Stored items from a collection
....

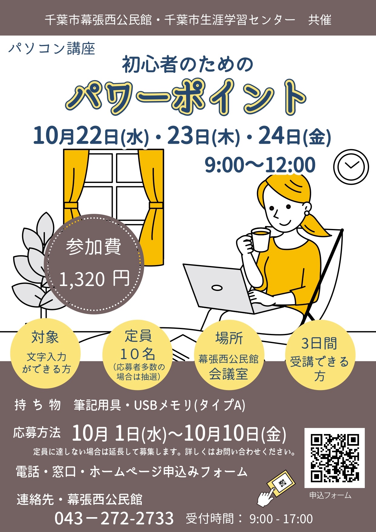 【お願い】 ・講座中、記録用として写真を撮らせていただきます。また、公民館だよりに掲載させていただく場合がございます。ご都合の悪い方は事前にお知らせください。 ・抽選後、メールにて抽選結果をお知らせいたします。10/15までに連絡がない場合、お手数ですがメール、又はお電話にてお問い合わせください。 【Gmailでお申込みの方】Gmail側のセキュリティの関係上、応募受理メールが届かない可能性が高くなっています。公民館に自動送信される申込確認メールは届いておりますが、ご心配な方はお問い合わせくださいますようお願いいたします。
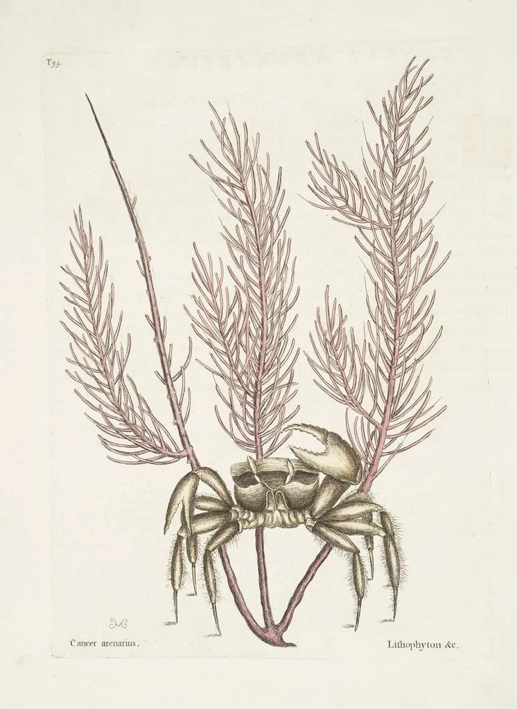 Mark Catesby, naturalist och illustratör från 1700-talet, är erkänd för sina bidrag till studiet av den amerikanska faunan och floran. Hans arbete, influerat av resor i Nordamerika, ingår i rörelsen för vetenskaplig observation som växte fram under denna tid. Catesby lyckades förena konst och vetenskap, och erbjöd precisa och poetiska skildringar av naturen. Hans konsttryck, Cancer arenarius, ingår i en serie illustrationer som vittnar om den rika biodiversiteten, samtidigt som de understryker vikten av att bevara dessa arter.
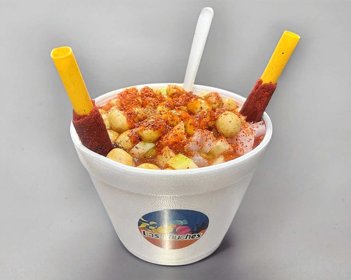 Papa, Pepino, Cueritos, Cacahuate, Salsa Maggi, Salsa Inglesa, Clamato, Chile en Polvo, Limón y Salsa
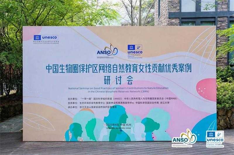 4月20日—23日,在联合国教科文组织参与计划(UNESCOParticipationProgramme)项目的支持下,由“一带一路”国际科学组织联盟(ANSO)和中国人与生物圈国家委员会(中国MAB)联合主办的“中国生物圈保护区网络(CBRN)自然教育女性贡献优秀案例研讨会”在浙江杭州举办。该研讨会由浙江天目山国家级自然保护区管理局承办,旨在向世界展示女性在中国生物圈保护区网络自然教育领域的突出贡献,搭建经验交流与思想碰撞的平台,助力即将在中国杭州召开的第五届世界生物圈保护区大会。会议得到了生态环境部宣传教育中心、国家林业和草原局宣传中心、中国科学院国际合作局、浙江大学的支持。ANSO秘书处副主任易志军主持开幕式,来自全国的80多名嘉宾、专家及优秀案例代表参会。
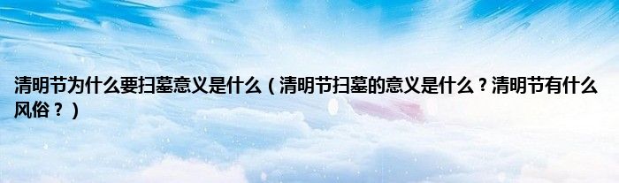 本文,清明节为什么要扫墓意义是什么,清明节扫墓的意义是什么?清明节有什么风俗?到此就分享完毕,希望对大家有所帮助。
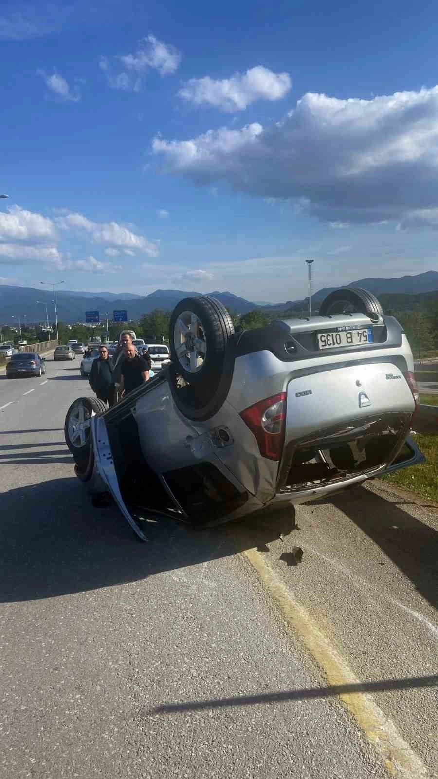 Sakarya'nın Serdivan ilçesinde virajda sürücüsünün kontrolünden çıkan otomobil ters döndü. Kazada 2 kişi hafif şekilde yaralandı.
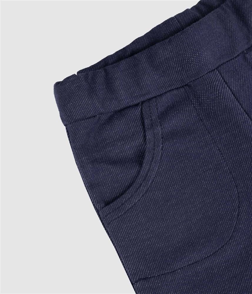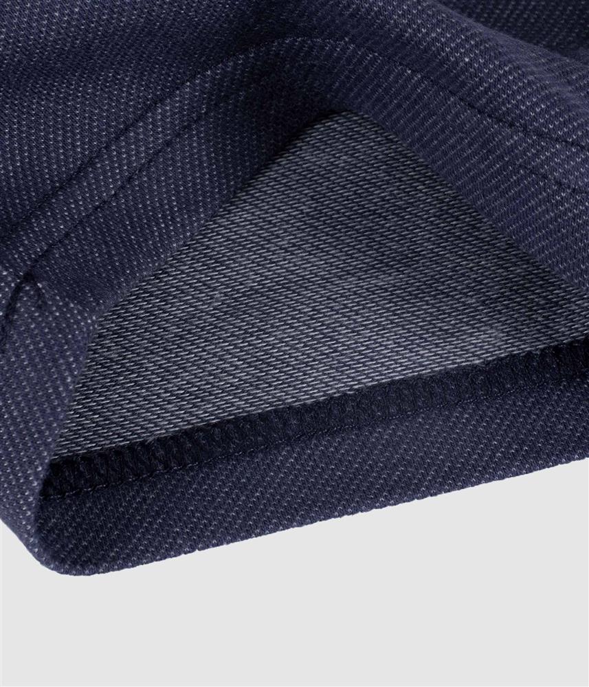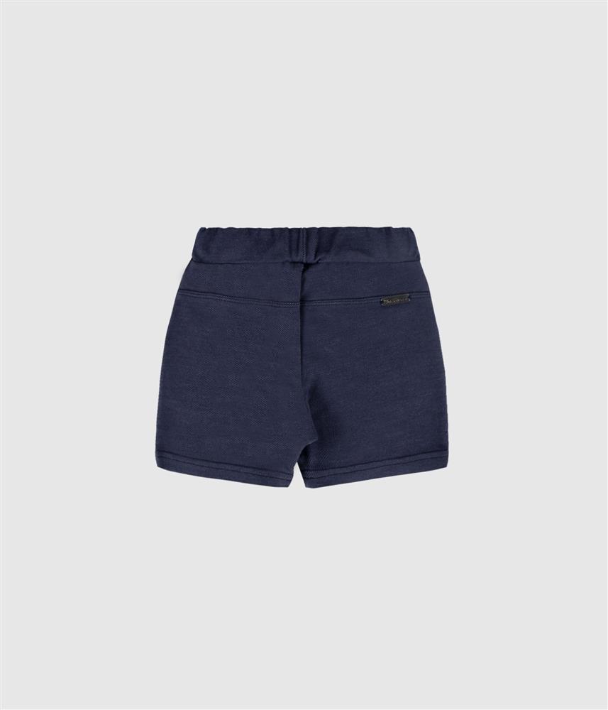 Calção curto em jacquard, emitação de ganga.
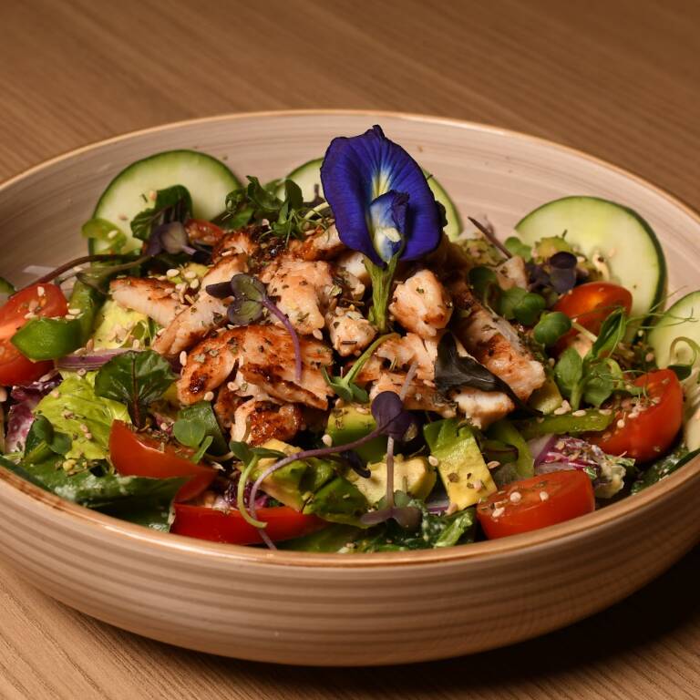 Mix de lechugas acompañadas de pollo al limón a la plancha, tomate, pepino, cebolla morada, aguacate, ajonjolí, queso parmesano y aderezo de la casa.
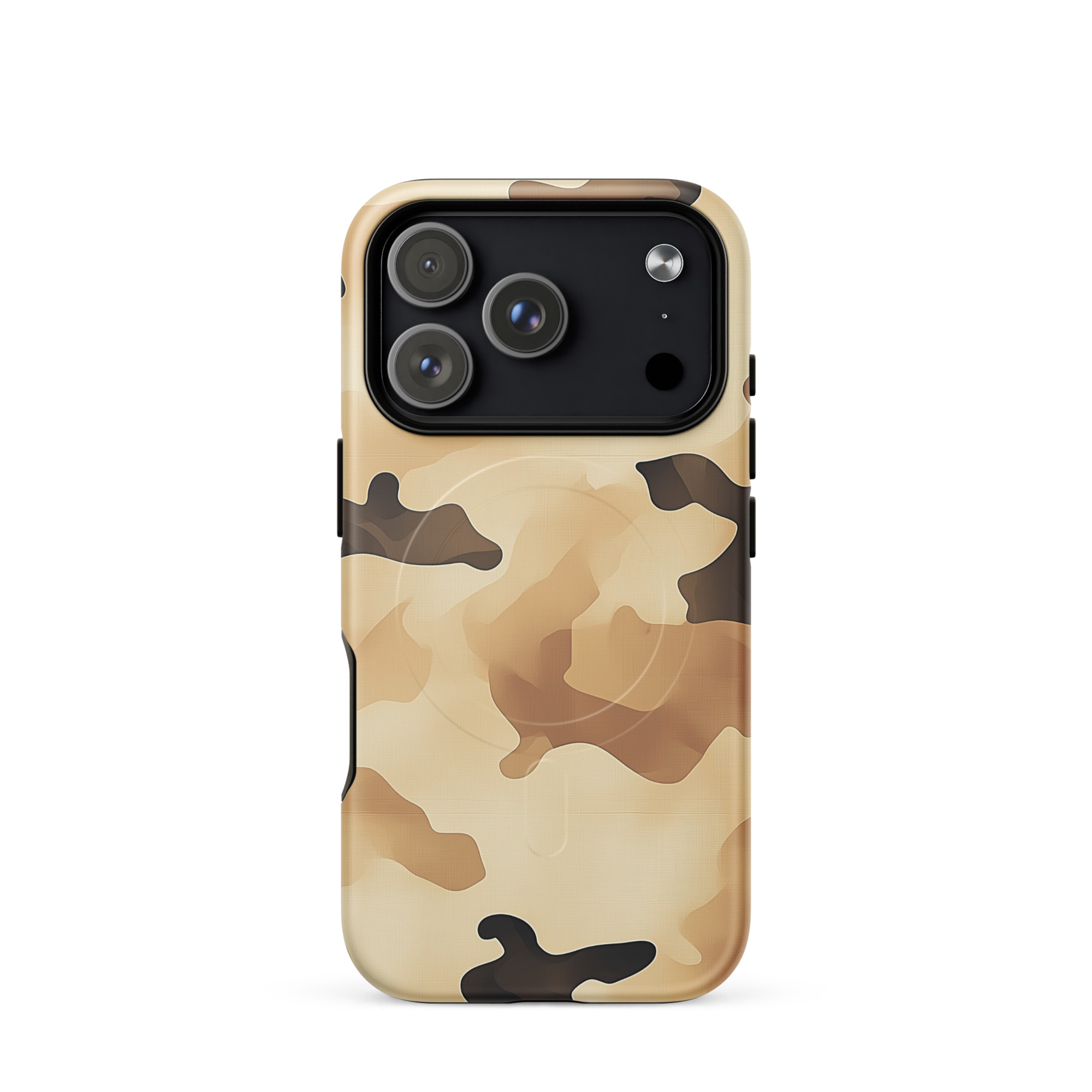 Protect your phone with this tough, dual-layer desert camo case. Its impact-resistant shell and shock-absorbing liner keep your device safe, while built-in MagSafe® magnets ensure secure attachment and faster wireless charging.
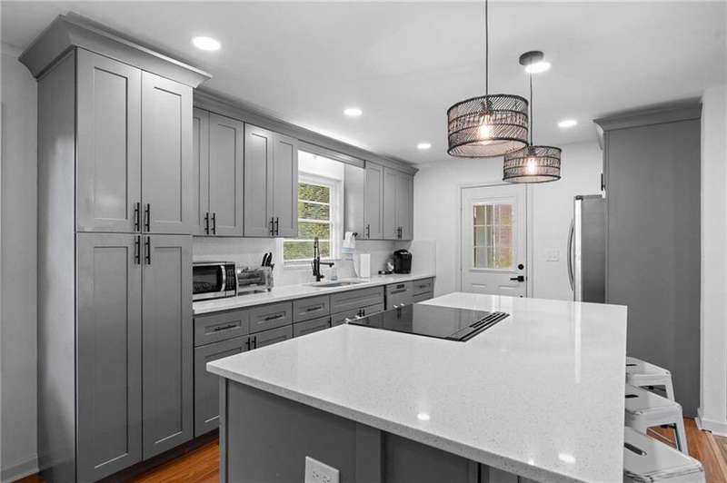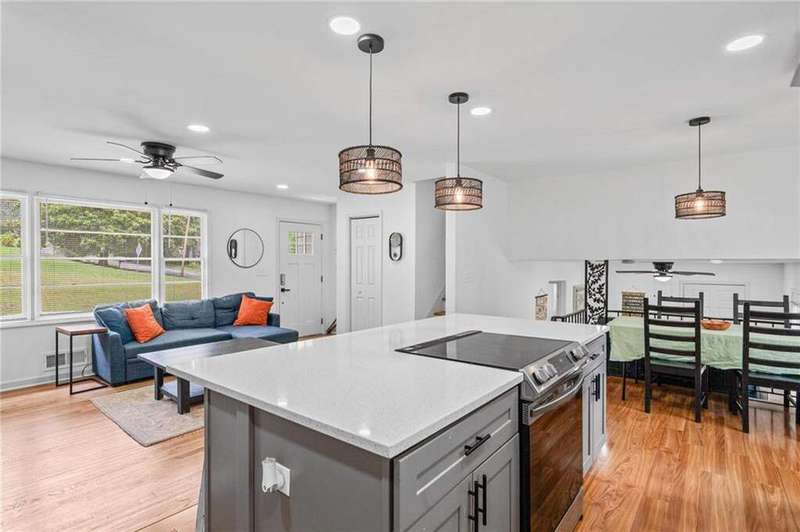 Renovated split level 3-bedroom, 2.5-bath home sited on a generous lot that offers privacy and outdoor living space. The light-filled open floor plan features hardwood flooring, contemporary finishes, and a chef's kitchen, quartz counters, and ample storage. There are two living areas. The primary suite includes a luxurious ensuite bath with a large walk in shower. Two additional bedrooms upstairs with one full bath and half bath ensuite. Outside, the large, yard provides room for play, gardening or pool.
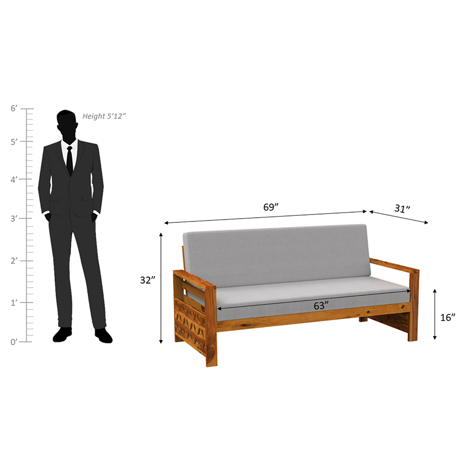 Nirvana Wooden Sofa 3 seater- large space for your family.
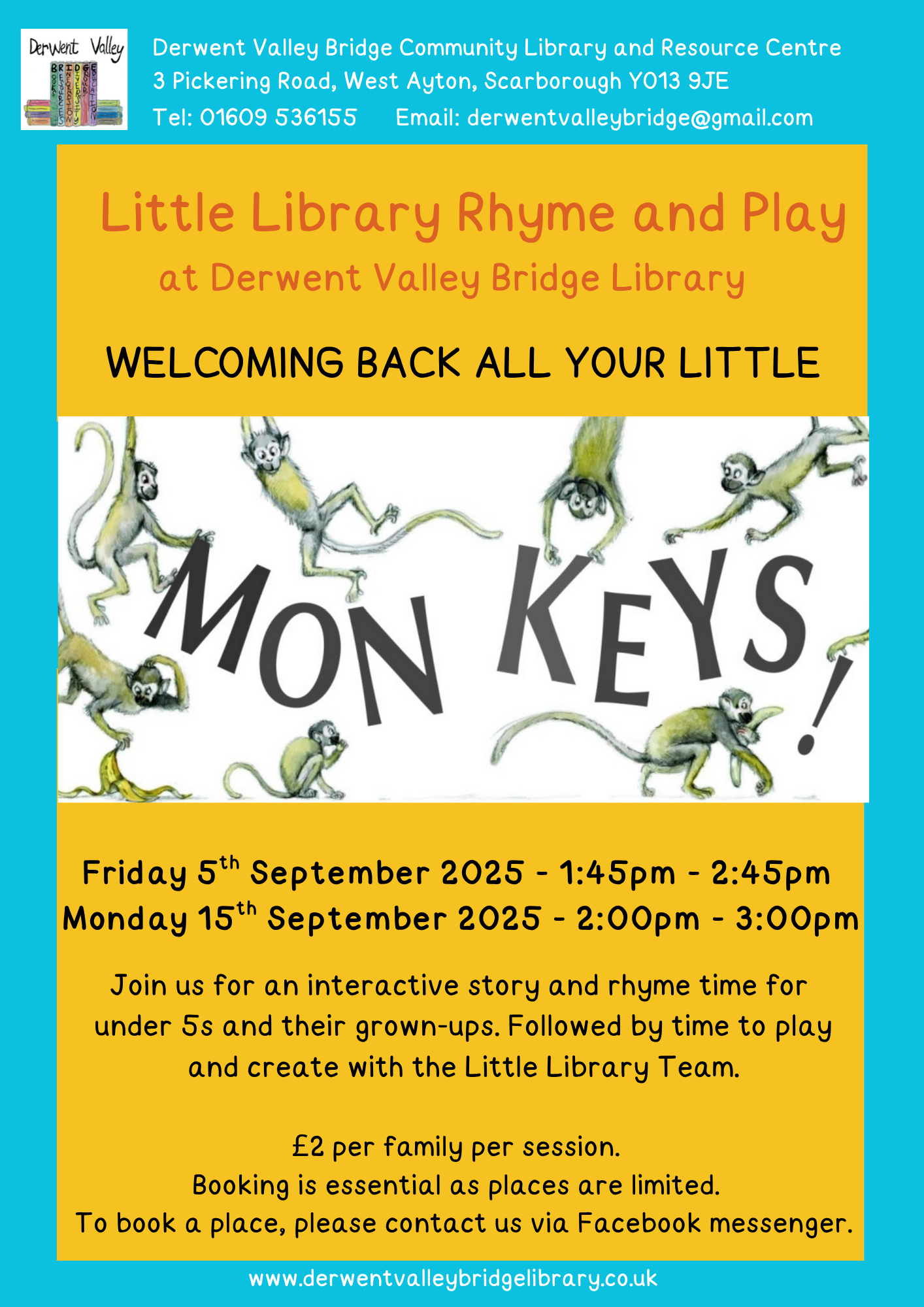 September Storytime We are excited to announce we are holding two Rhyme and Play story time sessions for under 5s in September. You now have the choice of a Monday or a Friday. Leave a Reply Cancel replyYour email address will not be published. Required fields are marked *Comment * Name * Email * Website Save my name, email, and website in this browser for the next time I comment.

....

▶ _DIRECTIONS_: Copy out all of the data word for word. Do not carry over any picture.

▶ _SOLUTION TO THIS EXERCISE_:
 【お願い】 ・講座中、記録用として写真を撮らせていただきます。また、公民館だよりに掲載させていただく場合がございます。ご都合の悪い方は事前にお知らせください。 ・抽選後、メールにて抽選結果をお知らせいたします。10/15までに連絡がない場合、お手数ですがメール、又はお電話にてお問い合わせください。 【Gmailでお申込みの方】Gmail側のセキュリティの関係上、応募受理メールが届かない可能性が高くなっています。公民館に自動送信される申込確認メールは届いておりますが、ご心配な方はお問い合わせくださいますようお願いいたします。
 Mark Catesby, naturalist och illustratör från 1700-talet, är erkänd för sina bidrag till studiet av den amerikanska faunan och floran. Hans arbete, influerat av resor i Nordamerika, ingår i rörelsen för vetenskaplig observation som växte fram under denna tid. Catesby lyckades förena konst och vetenskap, och erbjöd precisa och poetiska skildringar av naturen. Hans konsttryck, Cancer arenarius, ingår i en serie illustrationer som vittnar om den rika biodiversiteten, samtidigt som de understryker vikten av att bevara dessa arter.
 Papa, Pepino, Cueritos, Cacahuate, Salsa Maggi, Salsa Inglesa, Clamato, Chile en Polvo, Limón y Salsa
 4月20日—23日,在联合国教科文组织参与计划(UNESCOParticipationProgramme)项目的支持下,由“一带一路”国际科学组织联盟(ANSO)和中国人与生物圈国家委员会(中国MAB)联合主办的“中国生物圈保护区网络(CBRN)自然教育女性贡献优秀案例研讨会”在浙江杭州举办。该研讨会由浙江天目山国家级自然保护区管理局承办,旨在向世界展示女性在中国生物圈保护区网络自然教育领域的突出贡献,搭建经验交流与思想碰撞的平台,助力即将在中国杭州召开的第五届世界生物圈保护区大会。会议得到了生态环境部宣传教育中心、国家林业和草原局宣传中心、中国科学院国际合作局、浙江大学的支持。ANSO秘书处副主任易志军主持开幕式,来自全国的80多名嘉宾、专家及优秀案例代表参会。
 本文,清明节为什么要扫墓意义是什么,清明节扫墓的意义是什么?清明节有什么风俗?到此就分享完毕,希望对大家有所帮助。
 Sakarya'nın Serdivan ilçesinde virajda sürücüsünün kontrolünden çıkan otomobil ters döndü. Kazada 2 kişi hafif şekilde yaralandı.
 Calção curto em jacquard, emitação de ganga.
 Mix de lechugas acompañadas de pollo al limón a la plancha, tomate, pepino, cebolla morada, aguacate, ajonjolí, queso parmesano y aderezo de la casa.
 Protect your phone with this tough, dual-layer desert camo case. Its impact-resistant shell and shock-absorbing liner keep your device safe, while built-in MagSafe® magnets ensure secure attachment and faster wireless charging.
 Renovated split level 3-bedroom, 2.5-bath home sited on a generous lot that offers privacy and outdoor living space. The light-filled open floor plan features hardwood flooring, contemporary finishes, and a chef's kitchen, quartz counters, and ample storage. There are two living areas. The primary suite includes a luxurious ensuite bath with a large walk in shower. Two additional bedrooms upstairs with one full bath and half bath ensuite. Outside, the large, yard provides room for play, gardening or pool.
 Nirvana Wooden Sofa 3 seater- large space for your family.
 September Storytime We are excited to announce we are holding two Rhyme and Play story time sessions for under 5s in September. You now have the choice of a Monday or a Friday. Leave a Reply Cancel replyYour email address will not be published. Required fields are marked *Comment * Name * Email * Website Save my name, email, and website in this browser for the next time I comment.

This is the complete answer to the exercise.